Visto che ne abbiamo parlato è bene vedere un attimo cosa ha introdotto di nuovo Boscotetro. Partiamo dalle due nuove Parole Chiave, Eco ed Assalto. Il primo ci permette di utilizzare la stessa carta infinite volte nel turno a patto di pagarne il costo in mano e la seconda ci permette di ottenere Carica ma solo per attaccare altri minion. La prima meccanica è un evidente tempo loss che viene ricompensato dal valore effettivo della carta, e questo ci porta a toccare uno dei primi punti a favore di questa espansione.

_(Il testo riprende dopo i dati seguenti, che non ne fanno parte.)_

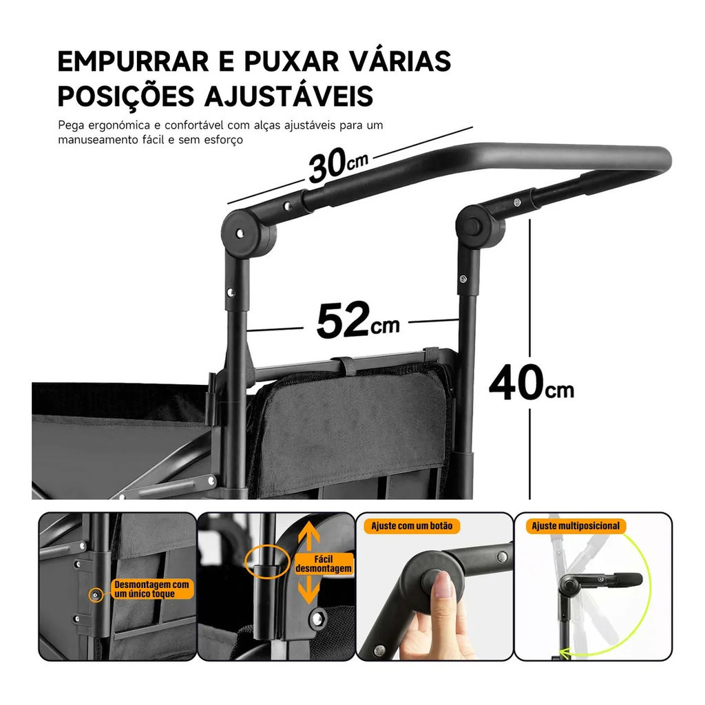 Carrinho Dobrável Transporte Camping Lazer Com Teto Preto
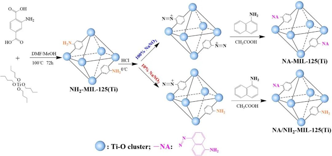 不同样品的合成路线。笼状结构代表MOFs中的空腔。
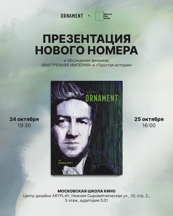 24 и 25 октября в Московской школе кино пройдет презентация нового выпуска иллюстрированного журнала Ornament. На этот раз команда издания посвятила номер американскому режиссеру Дэвиду Линчу.
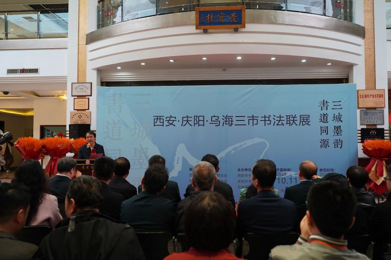 书荟宏章歌盛世,翰墨飘香润古城。10月11日上午,“三城墨韵 书道同源” 西安-庆阳-乌海三地书法联展在西安亮宝楼开幕。这场跨地域的书法盛会,不仅集中展现了三地书法艺术的创作成果,更搭建起文化交流的桥梁,为传承与弘扬中华优秀传统文化注入新活力。

DOVE SONO i miei peschini?

Se fino ad oggi abbiamo assistito ad un gioco in cui le giocate tempo, e i mazzi relativi, era incredibilmente forti e centrali all'interno delle partite, ora vediamo mazzi più “value oriented” che mirano a generare valore sul lungo tempo piuttosto che a creare da subito una situazione di vittoria. Già con Rin, leggendaria dello Stregone di Coboldie Catacombe, avevamo assistito a qualcosa di questo tipo che si è finalmente concretizzata con Boscotetro.

Assalto è invece una meccanica orientata molto verso il controllo anche se le statistiche di quasi tutti i minion con questa abilità sono così basse che anche in questo caso ci troviamo a perdere in tempo e guadagnare in valore. Un concetto a cui la Locanda non è abituata ma che ha dato vita ad una varietà e ad un divertimento incredibile.

Per quel che riguarda il Pari/Dispari si tratta invece di una meccanica legata a due leggendarie neutrali, Baku e Genn. Entrambi offrono un power-up al nostro potere eroe se il nostro mazzo contiene rispettivamente solo carte di costo pari o solo carte di costo dispari. Nel primo caso avremo un potere eroe che costa solo un mana e nel secondo uno potenziato (così come faceva la Campionessa Cuorsincero) che ci verranno regalati all'inizio della partita.

Si tratta di una meccanica interessantissima che spinge al deck-building estremo e alla ricerca di strategie particolari. Sono tanti i mazzi che sono stati proposti dalla community e tanti altri ne arriveranno ancora e tutti quanti, a discapito di quanto si possa pensare, sono estremamente performanti, chi un po' di più, chi un po' di meno.

Questa espansione mi ha fatto tornare a giocare (quasi) quotidianamente facendo a pugni con il nuovo gioco di Magic per chi deve fare da filler alle mie giornate.

Ovviamente è ancora (sì, ancora) troppo presto per cantare vittoria ma mi sento, al solito, molto positivo: Boscotetro è stata una rivelazione su cui non avrei puntato nemmeno un euro e si è rivelata il mio miglior investimento in termini di dindini fumanti. Brava Blizzard, ancora.